El extraño siguió embistiendo con golpes rápidos y mortales, pero Syra, ágil, esquivaba cada intento, su cuerpo respondiendo con la ferocidad del instinto. En un giro, alzó las manos y encendió llamas que se adhirieron al cuerpo oscuro de la figura.
El atacante se retorció, la sombra que lo cubría onduló como humo desgarrado, y con una voz áspera soltó una maldición antes de huir apresuradamente, desvaneciéndose en el callejón más próximo.
—Parece que no tiene nada que lo cubra contra los hechizos de fuego… —susurró Syra, respirando con agitación.
Regresó de inmediato junto a Meli.

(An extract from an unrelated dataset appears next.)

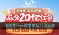 2020淘宝天猫双11超级星秀猫组队pk玩法正式开启,参与组队活动,获胜后就可以领取队伍红包,与队伍中的队友一起瓜分哦!那么淘宝双十一养猫组队pk怎么赢呢?这里小编为大家带来了20
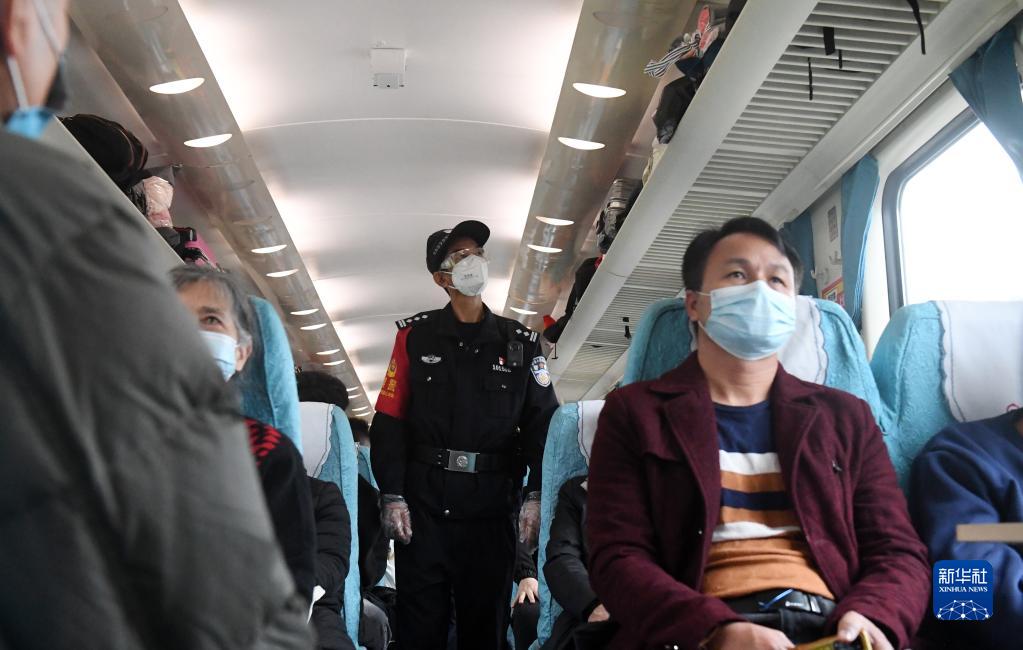 1月10日,覃業(yè)民在車(chē)廂內巡邏。

Fue entonces cuando lo notó: el cabello de la joven había cambiado. Entre sus mechones aparecía ahora un tono rojizo, como si una chispa del mismo maná corrupto hubiera despertado en su interior.

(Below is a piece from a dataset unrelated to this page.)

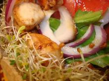 chicken breast,    teriyaki sauce,    pitta bread,    garlic,    bean sprouts,    tomato,    lettuce
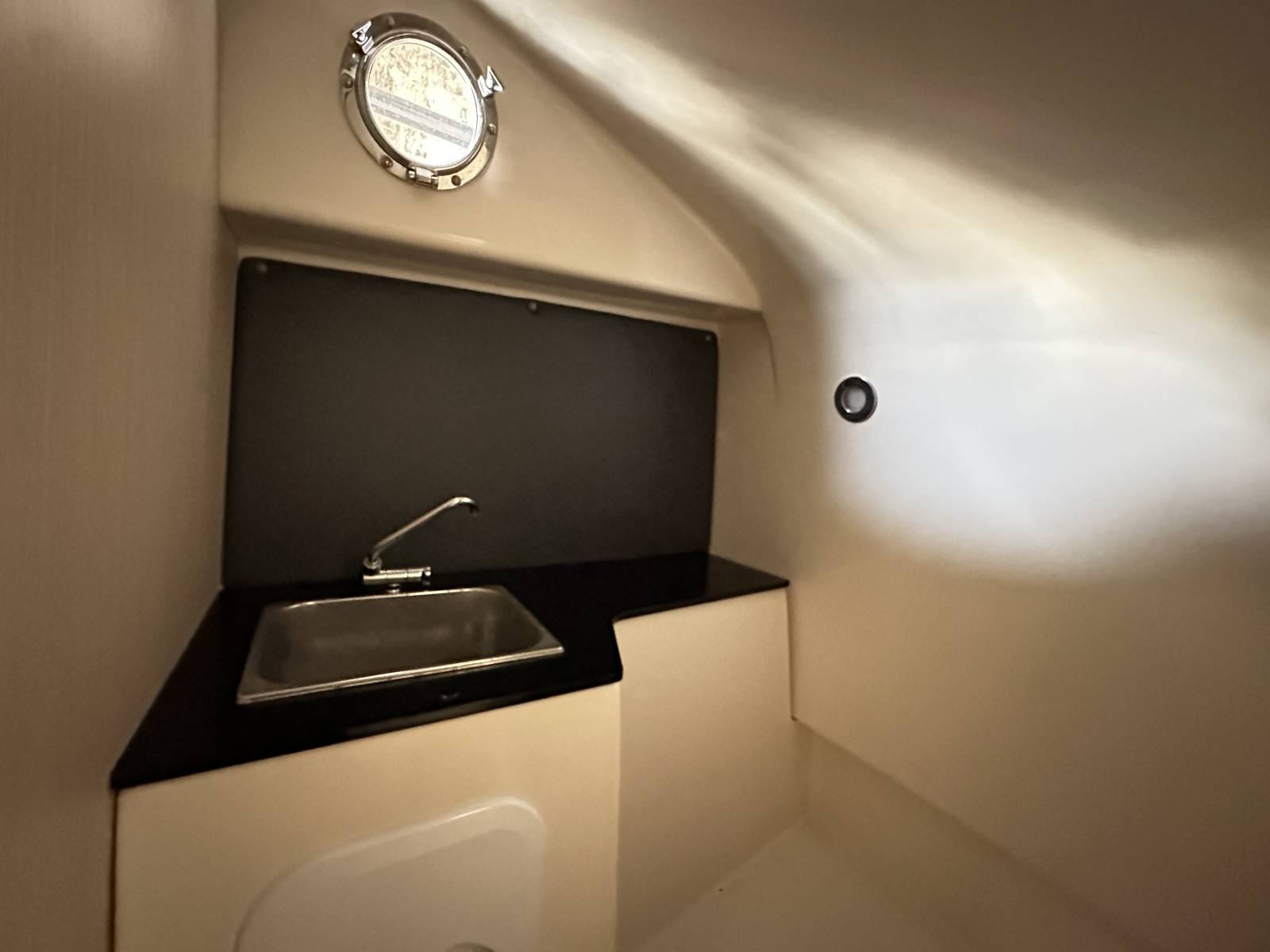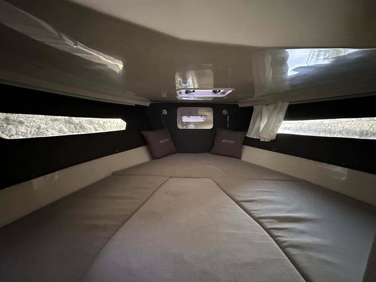 Bains de soleil avant et arrière, table de cockpit, Bimini, cuisine extérieure avec évier, guindeau électrique, taud de cockpit, 1 cabine, deux couchages.

Meli permanecía profundamente dormida, el sudor perlaba su frente, aunque ya no con la intensidad de antes. Syra, atenta a cada detalle, notó que la fiebre había cedido por fin. Aun así, el aire de la habitación se sentía extraño, pesado, como si las paredes mismas guardaran un secreto invisible.

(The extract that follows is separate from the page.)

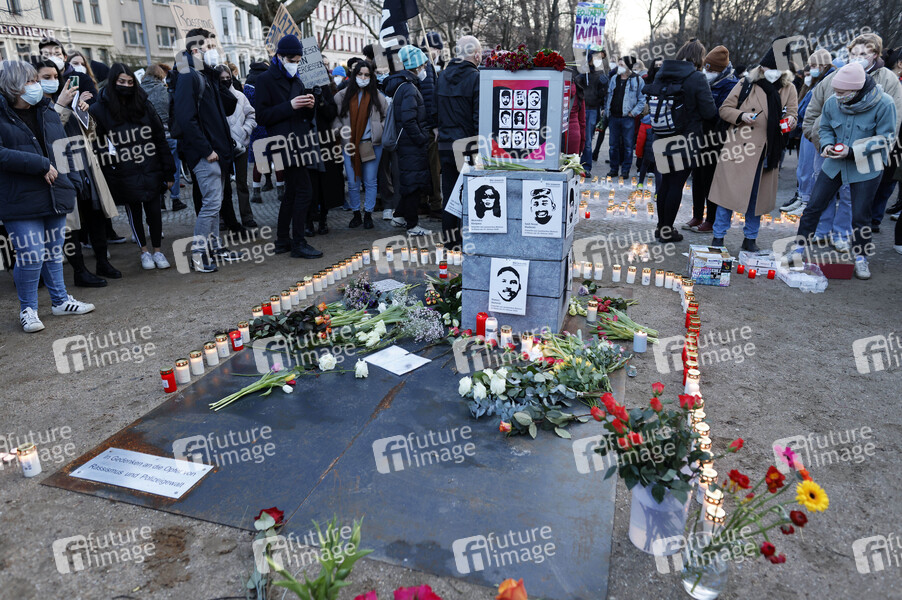 Gedenkveranstaltung zum ersten Jahrestag des rassistischen Anschlags in Hanau am Oranienplatz. Vor einem Jahr tötete ein Rechtsextremist in Hanau zehn Menschen und sich selbst. Berlin, 19.02.2021

—El maná rojo se esparció por todo el espacio… —murmuró con el ceño fruncido, sintiendo la presión que impregnaba cada respiro.
Las horas pasaron lentamente, hasta que Meli abrió los ojos con un parpadeo cansado. Miró alrededor con cierta extrañeza, como si pudiera ver los rastros invisibles que Syra había percibido
Después de aquello, decidieron hospedarse dos días más en la posada antes de preparar la partida. El aire del pueblo aún estaba impregnado de cierta inquietud, como si las calles recordaran el maná rojo que había recorrido sus entrañas.
Cuando ya estaban a punto de irse, Rebecca ajustaba sus cosas con calma, mientras Tora y Syra se aseguraban de que Meli pudiera viajar sin problemas. De pronto, Marina se adelantó un par de pasos y alzó la voz con firmeza.
—¡Espera! —interrumpió, clavando sus ojos en Tora—. Mi misión ya terminó… llévame con ustedes.